I'd love a cat proof garden, that would be my ideal. I also mentioned a run in my 1st post and I think this could be a good compromise. One can be pretty inventive and make them very cat friendly.


----------



## raggs (Aug 3, 2008)

mrswoodwoose said:


> I'd love a cat proof garden, that would be my ideal. I also mentioned a run in my 1st post and I think this could be a good compromise. One can be pretty inventive and make them very cat friendly.


Yes you can, thats the beauty of building one yourself, when we did ours i started off with a 6x4 garden shen and then built all the panels myself, inside the shed i built in a storage area for there toys and loads of shelves as all the cats love to be up high, they love being out there. In the run i put a thick branch from a tree that had been cut down and wound a rope around it and they just love to climb right to the top of the pen, When we assembled the panels i used coach bolts to put it all together so should i ever need to take it down or wish to add to it then its so easy to take apart, best wishes .........CHRIS.


----------



## lisajjl1 (Jun 23, 2010)

Hi there - I dont post very often but your post struck a chord so here is my personal experience as an owner and sometimes breeder of Siamese and Orientals for nearly twenty years.

I know you just want the best for your cat and so did my Mum who against my very very strong advice felt that it was unfair to keep her Siamese girl Misha indoors and she should have freedom outside, Misha was a rescue Siamese and had lived indoors all her life until she was four.....all went well for the first few weeks and my Mum used to keep an eye on her sat on the front doorstep watching the world go by but unfortunatley one day a dog wandered into the cul de sac and Misha was a sitting duck, she had had no prior knowledge of predators and dangers and didnt try to run until too late,she was used to everything and everyone that approached her being friendly. Mum tried desperatly to save her but she was injured horifically and died before she got to the vets. My mum felt so guilty she hasnt had another pet since even though she had had dogs and cats all her life.
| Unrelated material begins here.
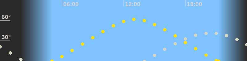 | Höchster Sonnenstand (Kulmination) | 13:08 Uhr (h = 61.6°) |
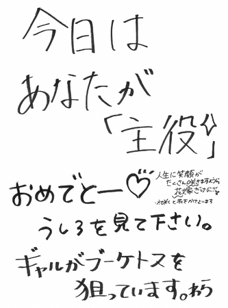最後に、結婚式の式場やドレス選びなどに迷っている花嫁への直筆メッセージをお願いしました(上がはるさん、下が荒川さん)。はるさんは「一生の想い出、最高の日になると思うので、どれだけ時間をかけてもいいし、その日だけはわがままでいいと思います。自分の納得いくまで悩んで。その日はあなたが主役なので」と語ってくれました。

Another friend had two neutered oriental boys and when she moved house to a rural area decided to let them out,now she only has one boy as one of them dissapeared, she doesnt know why or ever find out what happened to him just one day he didnt come home - she tried everything, he was chipped but has never been found dead or alive. She now keeps her remaining boy indoors again.

My two Siamese and two Orientals are indoor cats with a cat run built on to the house for fresh air and excercise.....my personal advice would be to build a run or cat proof the garden in agreement with others posts as there are dangers you couldnt anticipate for a cat that has previously known only indoor teritory.

Re the door facination....must be a breed thing as mine go crazy to go through the door to upstairs...dont bother with the front or back door though so some doors might just seem more exciting than others or maybe they know there is nothing outside the front door or back door more exciting than what they see in their run!!! They are pretty clever cats.

Hope whatever you decide all goes well.


----------